This mischaracterisation must also be understood in its broader political context. It forms part of an escalating effort by the UK government and its allies to suppress opposition to Israel’s destruction of Gaza and to Israel’s ongoing campaign of demolition, forced eviction and annexation in the West Bank, in Palestine ‘48 and in Lebanon. It has recently become an important component of Starmer’s increasingly vehement attempts to shield his own government’s complicity from scrutiny. The targeting of slogans and “cumulative” forms of protests is not about public safety—it is about restricting democratic opposition to a grossly unlawful and widely condemned campaign of mass violence and destruction. It is about obstructing both academic critique and popular protest against genocide. It is about silencing anti-colonial scholarship and depriving Palestinians of that “permission to narrate” which is so essential to the history and the future of any oppressed people.

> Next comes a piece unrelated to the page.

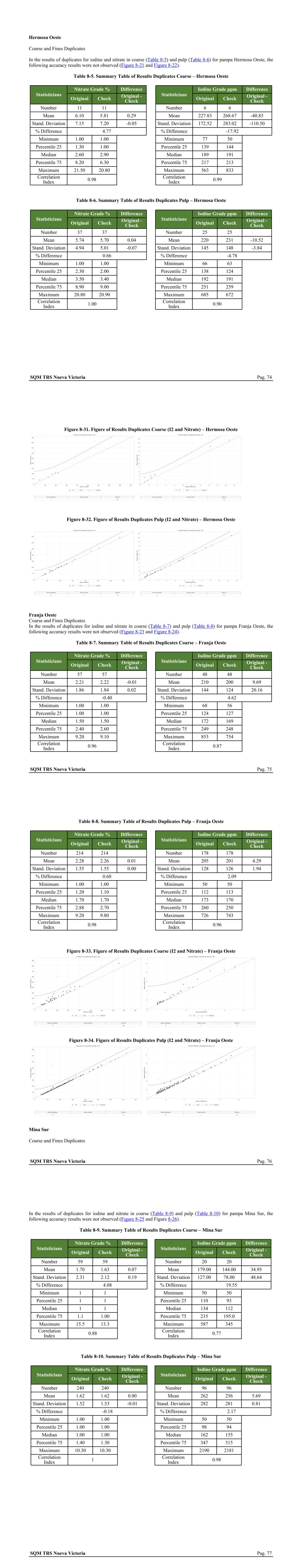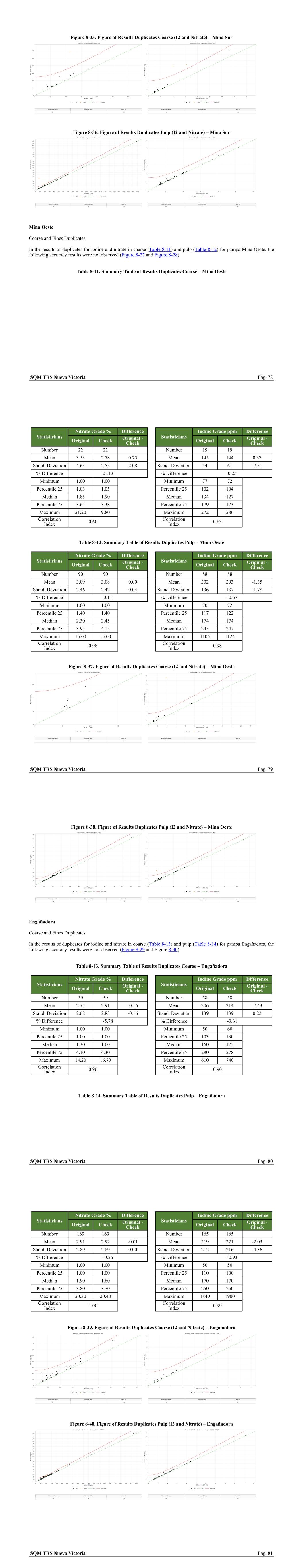 Figure 8-35. Figure of Results Duplicates Coarse (I2 and Nitrate) – Mina Sur Figure 8-36. Figure of Results Duplicates Pulp (I2 and Nitrate) – Mina Sur Mina Oeste Coarse and Fines Duplicates In the results of duplicates for iodine and nitrate in coarse (Table 8-11) and pulp (Table 8-12) for pampa Mina Oeste, the following accuracy results were not observed (Figure 8-27 and Figure 8-28). Table 8-11. Summary Table of Results Duplicates Coarse – Mina Oeste SQM TRS Nueva Victoria Pag. 78 Statisticians Nitrate Grade % Difference Statisticians Iodine Grade ppm Difference Original Check Original - Check Original Check Original - Check Number 22 22 Number 19 19 Mean 3.53 2.78 0.75 Mean 145 144 0.37 Stand. Deviation 4.63 2.55 2.08 Stand. Deviation 54 61 -7.51 % Difference 21.13 % Difference 0.25 Minimum 1.00 1.00 Minimum 77 72 Percentile 25 1.03 1.05 Percentile 25 102 104 Median 1.85 1.90 Median 134 127 Percentile 75 3.65 3.38 Percentile 75 179 173 Maximum 21.20 9.80 Maximum 272 286 Correlation Index 0.60 Correlation Index 0.83 Table 8-12. Summary Table of Results Duplicates Pulp – Mina Oeste Statisticians Nitrate Grade % Difference Statisticians Iodine Grade ppm Difference Original Check Original - Check Original Check Original - Check Number 90 90 Number 88 88 Mean 3.09 3.08 0.00 Mean 202 203 -1.35 Stand. Deviation 2.46 2.42 0.04 Stand. Deviation 136 137 -1.78 % Difference 0.11 % Difference -0.67 Minimum 1.00 1.00 Minimum 70 72 Percentile 25 1.40 1.40 Percentile 25 117 122 Median 2.30 2.45 Median 174 174 Percentile 75 3.95 4.15 Percentile 75 245 247 Maximum 15.00 15.00 Maximum 1105 1124 Correlation Index 0.98 Correlation Index 0.98 Figure 8-37. Figure of Results Duplicates Coarse (I2 and Nitrate) – Mina Oeste SQM TRS Nueva Victoria Pag. 79 Figure 8-38. Figure of Results Duplicates Pulp (I2 and Nitrate) – Mina Oeste Engañadora Coarse and Fines Duplicates In the results of duplicates for iodine and nitrate in coarse (Table 8-13) and pulp (Table 8-14) for pampa Engañadora, the following accuracy results were not observed (Figure 8-29 and Figure 8-30). Table 8-13. Summary Table of Results Duplicates Coarse – Engañadora Statisticians Nitrate Grade % Difference Statisticians Iodine Grade ppm Difference Original Check Original - Check Original Check Original - Check Number 59 59 Number 58 58 Mean 2.75 2.91 -0.16 Mean 206 214 -7.43 Stand. Deviation 2.68 2.83 -0.16 Stand. Deviation 139 139 0.22 % Difference -5.78 % Difference -3.61 Minimum 1.00 1.00 Minimum 50 60 Percentile 25 1.00 1.00 Percentile 25 103 130 Median 1.30 1.60 Median 160 175 Percentile 75 4.10 4.30 Percentile 75 280 278 Maximum 14.20 16.70 Maximum 610 740 Correlation Index 0.96 Correlation Index 0.90 Table 8-14. Summary Table of Results Duplicates Pulp – Engañadora SQM TRS Nueva Victoria Pag. 80 Statisticians Nitrate Grade % Difference Statisticians Iodine Grade ppm Difference Original Check Original - Check Original Check Original - Check Number 169 169 Number 165 165 Mean 2.91 2.92 -0.01 Mean 219 221 -2.03 Stand. Deviation 2.89 2.89 0.00 Stand. Deviation 212 216 -4.36 % Difference -0.26 % Difference -0.93 Minimum 1.00 1.00 Minimum 50 50 Percentile 25 1.00 1.00 Percentile 25 110 100 Median 1.90 1.80 Median 170 170 Percentile 75 3.80 3.70 Percentile 75 250 250 Maximum 20.30 20.40 Maximum 1840 1900 Correlation Index 1.00 Correlation Index 0.99 Figure 8-39. Figure of Results Duplicates Coarse (I2 and Nitrate) – Engañadora Figure 8-40. Figure of Results Duplicates Pulp (I2 and Nitrate) – Engañadora SQM TRS Nueva Victoria Pag. 81

The consequences are very serious. Treating “globalise the intifada” as inherently criminal sets a precedent for the policing of language, culture, and political identity—particularly for Palestinians and those who stand in solidarity with them. It assumes that we as educators and scholars consent to an undermining of fundamental rights to freedom of expression and peaceful protest, and fosters a climate in which legitimate political speech is surveilled, stigmatised, and punished. It reinforces and deepens those long-standing forms of anti-Arab and anti-Muslim repression that are already deployed via the pernicious Prevent programme and routine police harassment.

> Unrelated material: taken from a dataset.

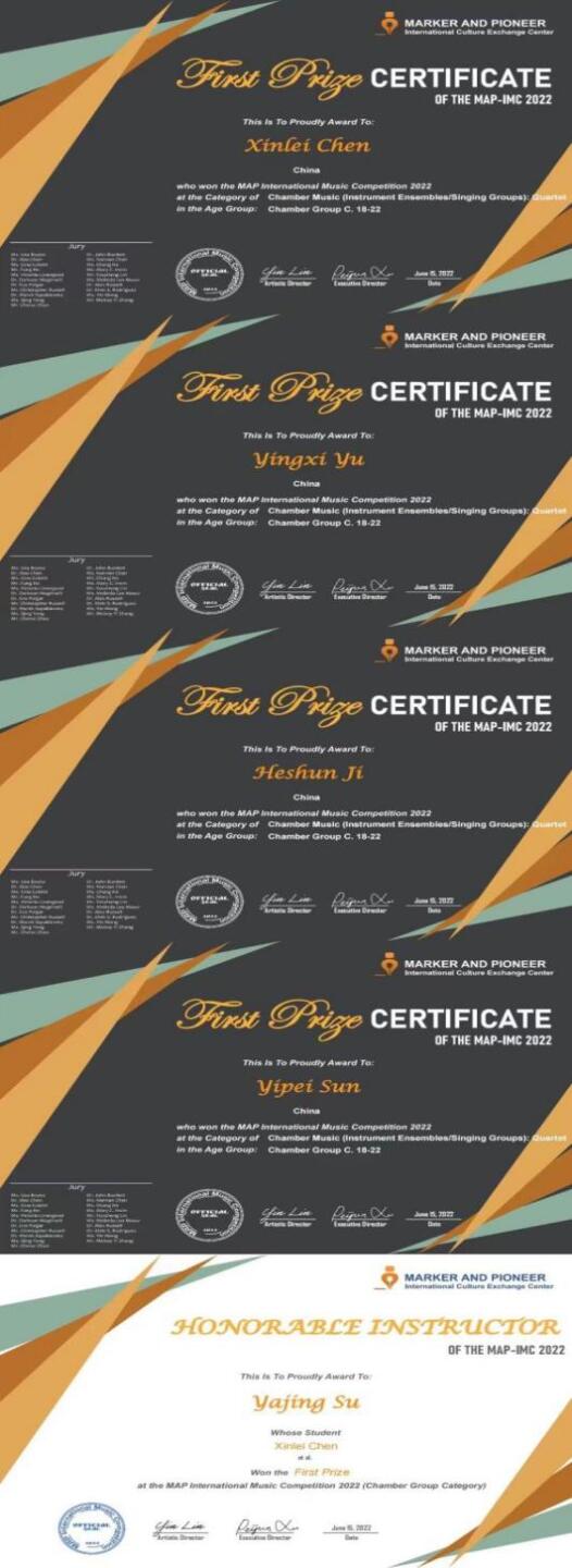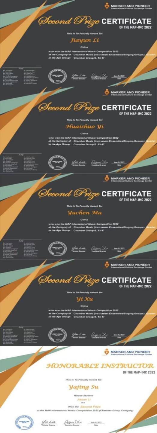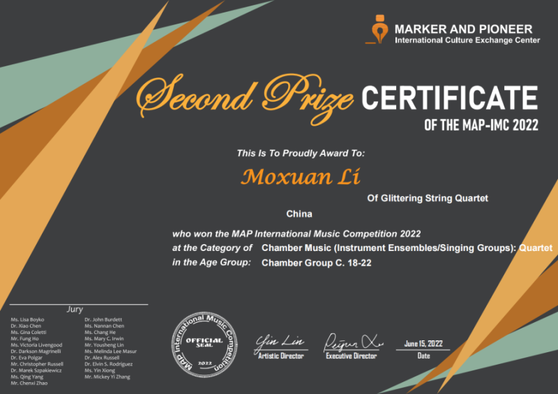 米兰“Glittering 弦乐四重奏”荣获MAP-IMC 2022国际音乐大赛室内乐比赛室内乐弦乐四重奏C组二等奖。指导教师:何畅。

As teachers and scholars concerned with the politics and history of Palestine and of West Asia, and with broader questions of justice and ethics, we know what “globalise the intifada” actually means. We also recognise that, given the conditions Palestinians face, their liberation will indeed require popular resistance and mobilisation on a global scale. We recognise the slogan’s unique and timely pertinence in today’s conjuncture. We affirm the unequivocal right of all those who support this slogan to foreground it in their research, to discuss it in their classrooms and to chant it on the streets.
An abbreviated version of this statement is posted as an open letter, together with a sign-on form for anyone working in higher education who would like to add their names directly at https://forms.gle/oPrjtdMWTAF6y3W89.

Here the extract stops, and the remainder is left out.